At this point, we should consider the possibility that year was highly predictive of adverse event, and we know that year is highly predictive of follow up time too. In this case, the relationship would be explained by a variable available at baseline, however, we see that adverse events are quite similar across different year categories:

ebmtcal |> group_by(year) |> summarise(mean(ae.s))

## # A tibble: 3 × 2
##   year      `mean(ae.s)`
##   <fct>            <dbl>
## 1 1985-1989        0.475
## 2 1990-1994        0.522
## 3 1995-1998        0.487

We also look at the distribution of the other variables across those who do and do not have an adverse event.

ebmtcal |> group_by(agecl) |> summarise(mean(ae.s))

## # A tibble: 3 × 2
##   agecl `mean(ae.s)`
##   <fct>        <dbl>
## 1 <=20         0.445
## 2 20-40        0.514
## 3 >40          0.517

ebmtcal |> group_by(proph) |> summarise(mean(ae.s))

## # A tibble: 2 × 2
##   proph `mean(ae.s)`
##   <fct>        <dbl>
## 1 no           0.520
## 2 yes          0.428

ebmtcal |> group_by(match) |> summarise(mean(ae.s))

## # A tibble: 2 × 2
##   match              `mean(ae.s)`
##   <fct>                     <dbl>
## 1 no gender mismatch        0.499
## 2 gender mismatch           0.492

It is therefore looking like this cannot be explained by information available at baseline.

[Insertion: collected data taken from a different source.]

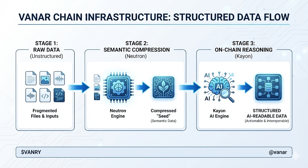 A core component of this design is semantic data compression. Rather than storing unstructured files that require off-chain processing, Vanar Chain introduces a method of transforming information into structured units optimized for interpretation. This allows complex datasets such as documents, media, or compliance records to exist on-chain in a format that can be logically analyzed. The benefit is reduced dependency on external AI services and improved trust minimization within decentralized environments.
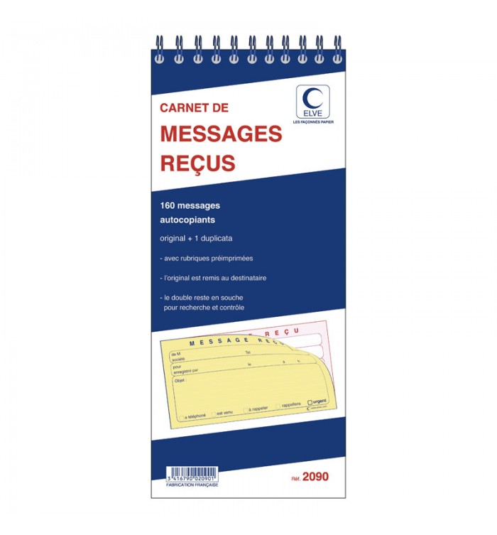 Carnet à spirale de 160 messages autocopiants en 2 exemplaires : un pour le destinataire et l'autre qui reste dans le bloc. Vendu par paquet de 5 carnets. Idéal pour communiquer au travail comme à la maison. Format 322x140mm
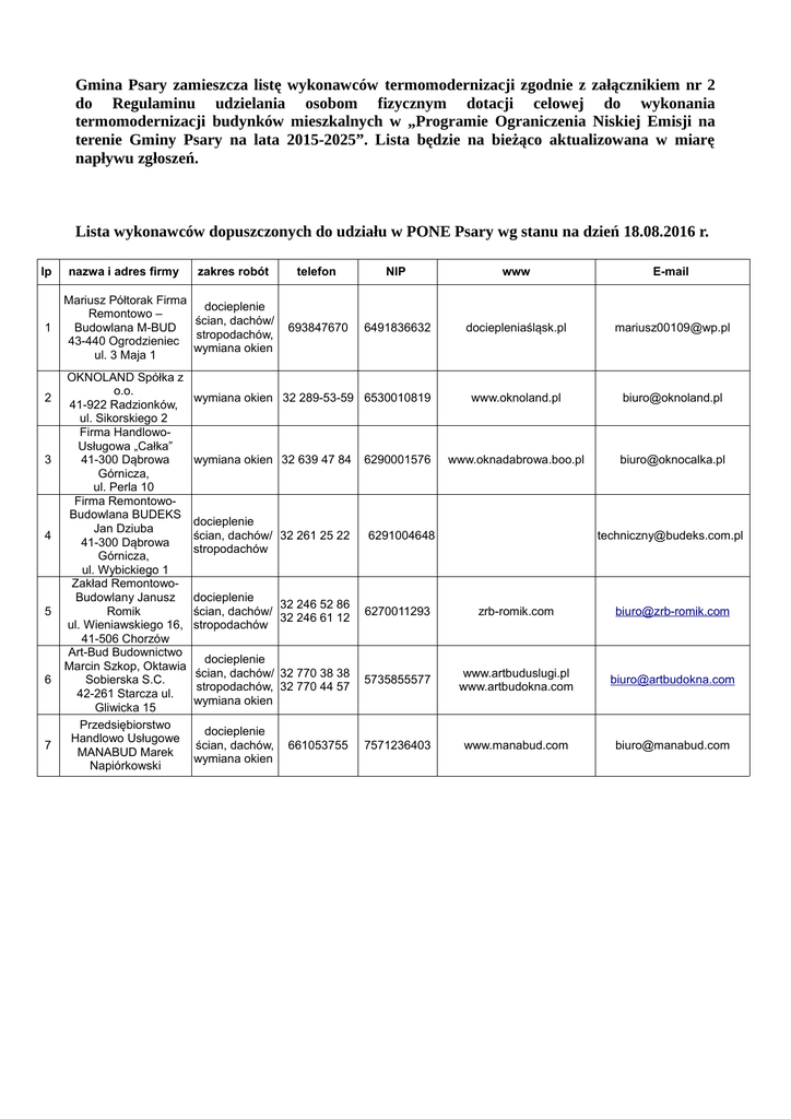 Gmina Psary zamieszcza listę wykonawców termomodernizacji zgodnie z załącznikiem nr 2 do Regulaminu udzielania osobom fizycznym dotacji celowej do wykonania termomodernizacji budynków mieszkalnych w „Programie Ograniczenia Niskiej Emisji na terenie Gminy Psary na lata 2015-2025”. Lista będzie na bieżąco aktualizowana w miarę napływu zgłoszeń. Lista wykonawców dopuszczonych do udziału w PONE Psary wg stanu na dzień 18.08.2016 r. lp 1 2 3 4 5 6 7 nazwa i adres firmy zakres robót Mariusz Półtorak Firma docieplenie Remontowo – ścian, dachów/ Budowlana M-BUD stropodachów, 43-440 Ogrodzieniec wymiana okien ul. 3 Maja 1 OKNOLAND Spółka z o.o. 41-922 Radzionków, ul. Sikorskiego 2 Firma HandlowoUsługowa „Całka” 41-300 Dąbrowa Górnicza, ul. Perla 10 Firma RemontowoBudowlana BUDEKS Jan Dziuba 41-300 Dąbrowa Górnicza, ul. Wybickiego 1 Zakład RemontowoBudowlany Janusz Romik ul. Wieniawskiego 16, 41-506 Chorzów Art-Bud Budownictwo Marcin Szkop, Oktawia Sobierska S.C. 42-261 Starcza ul. Gliwicka 15 Przedsiębiorstwo Handlowo Usługowe MANABUD Marek Napiórkowski telefon NIP www E-mail 693847670 6491836632 dociepleniaśląsk.pl [email protected] www.oknoland.pl [email protected] www.oknadabrowa.boo.pl [email protected] wymiana okien 32 289-53-59 6530010819 wymiana okien 32 639 47 84 docieplenie ścian, dachów/ 32 261 25 22 stropodachów 6290001576 6291004648 [email protected] docieplenie 32 246 52 86 ścian, dachów/ 32 246 61 12 stropodachów 6270011293 zrb-romik.com [email protected] docieplenie ścian, dachów/ 32 770 38 38 stropodachów, 32 770 44 57 wymiana okien 5735855577 www.artbuduslugi.pl www.artbudokna.com [email protected] docieplenie ścian, dachów, wymiana okien 7571236403 www.manabud.com [email protected] 661053755
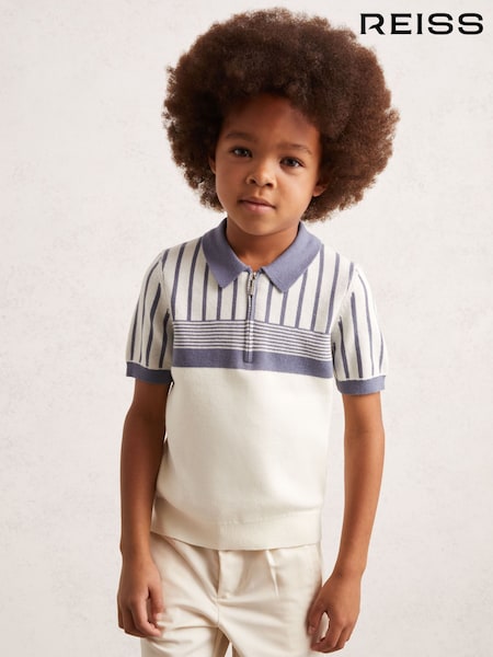 Reiss Off White/ Airforce Blue Hugo 9-13 yrs Cotton Stripe Knit Half-Zip Polo Shirt
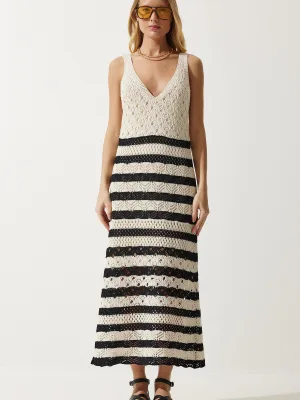 MANGO Gebreide jurk ‘JANE’ crème / zwart
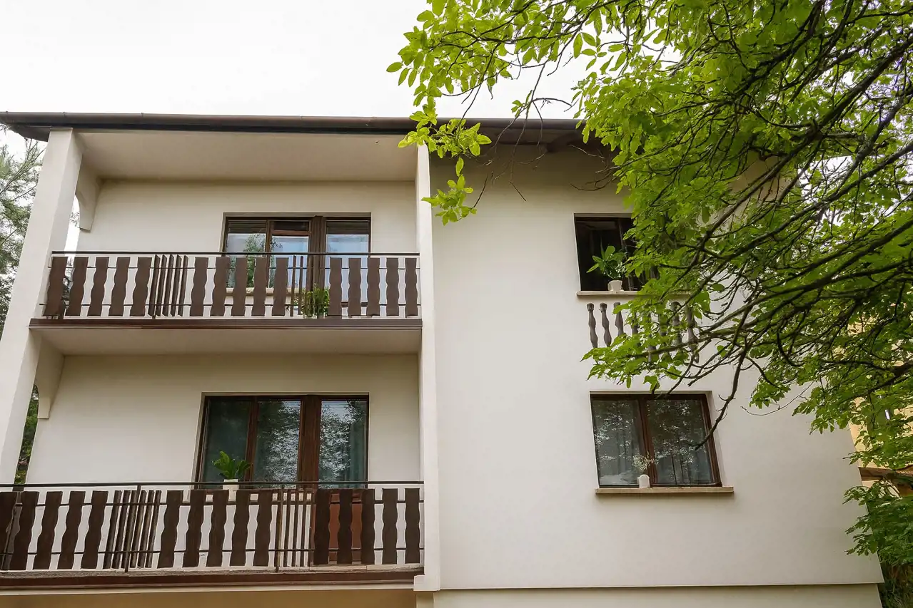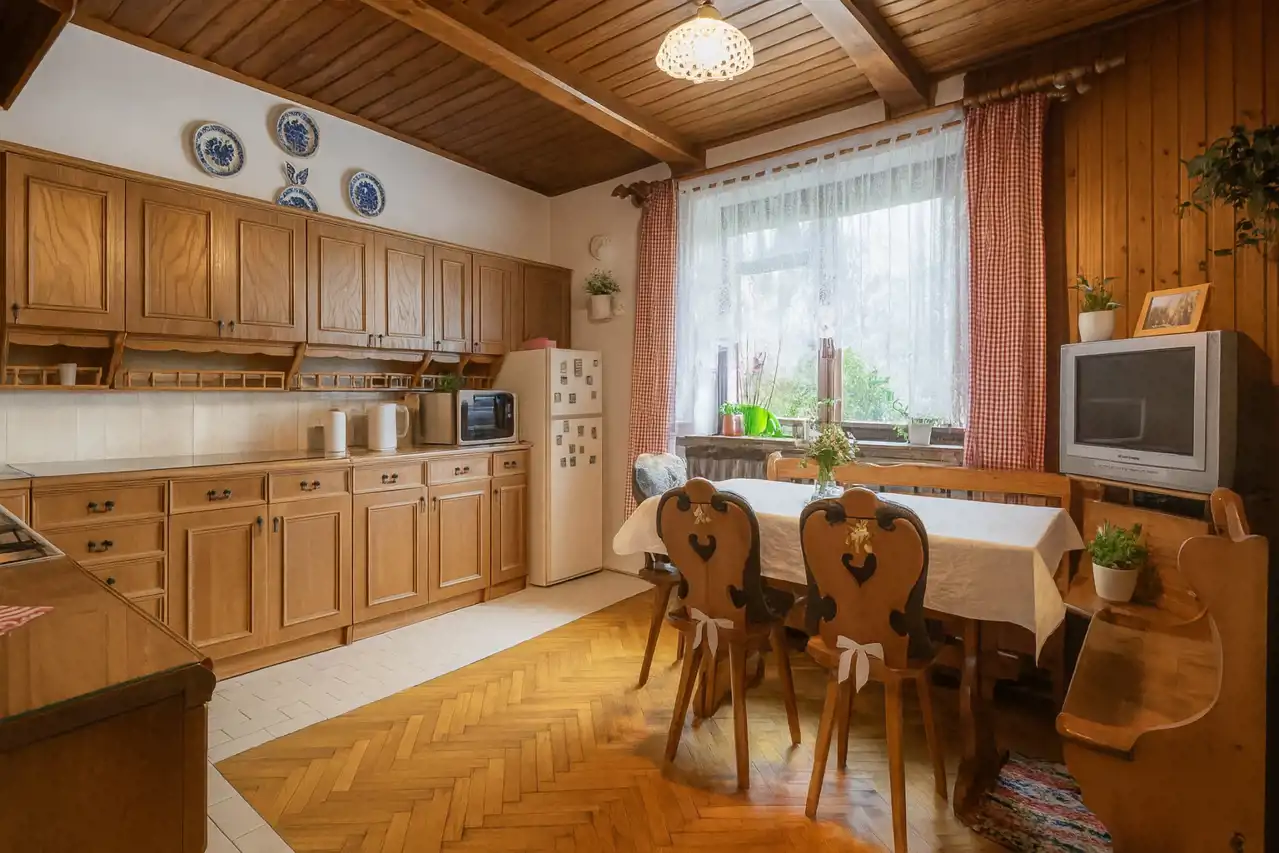 Elewacja w jasnym kolorze, stolarka okienna PCV. Na podłogach położony jest parkiet i płytki
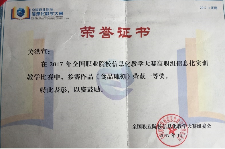关洪宣老师荣获2017年全国高职院校信息化实训教学 大赛一等奖
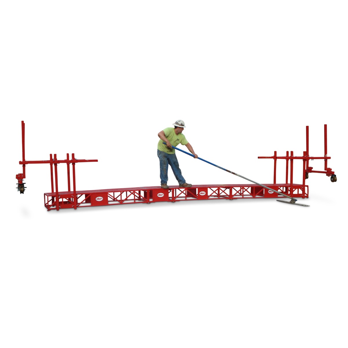 The 1224 Work Bridge is the smallest size work deck Speedcrete supply for the paving line. This unit is typically used in single lane paving or small bridge deck applications and has also been used in archelogical work. The unit can be equipped with cupped wheels or rubber tyres depending on the project needs. Typical uses: texturing, curing, bull floating and laying burlap.Â

Distribution of weights by outcome state at 5-years

If individuals in state 3 are less likely to be censored than those in states 1, 2 and 4, then individuals who have spent a long time in state 3 do not need to be upweighted as much. Using the inverse probability of censoring weights estimated earlier, we take the mean weight, grouped by the outcome state individuals are in at 5-years.

We start by identifying which state each individual is in at 5-years.

### Extract which state individuals are in at time t
ids_state_list <- vector("list", 6)
for (k in 1:6){
  ids_state_list[[k]] <- calibmsm:::extract_ids_states(msebmtcal, tmat = attributes(msebmtcal)$trans, k, t_eval)
}

### Create a variable to say which state an individual was in at the time of interest
## Create list containing the relevant data
v1 <- ebmtcal$id
m1 <- outer(v1, ids_state_list, FUN = Vectorize('%in%'))
state_poly <- lapply(split(m1, row(m1)), function(x) (1:6)[x])

## Change integer(0) values to NA's
idx <- !sapply(state_poly, length)
state_poly[idx] <- NA

## Add to ebmtcal
ebmtcal <- dplyr::mutate(ebmtcal, state_poly = unlist(state_poly),
                          state_poly_fac = factor(state_poly))

Then calculate mean weight within each group:

ebmtcal |> group_by(state_poly) |> summarise(mean_weight = mean(ipcw_ph))

## # A tibble: 7 × 2
##   state_poly mean_weight
##        <int>       <dbl>
## 1          1        1.32
## 2          2        1.52
## 3          3        1.47
## 4          4        1.64
## 5          5        1.05
## 6          6        1.03
## 7         NA       NA

Given the differential rate of censoring within 5-years (17% vs 40%), we would require weights for individuals in state 3 at 5-years to be considerably lower than for states 1, 2 and 4. Note that this is only a proxy, as individuals in state 4 may have spent some time in state 3, however, we would expect bigger differences than what is observed here. It is therefore likely that the inverse probability of censoring weights are incorrect, however, not due to a violation of the proportional hazards assumption as previously thought.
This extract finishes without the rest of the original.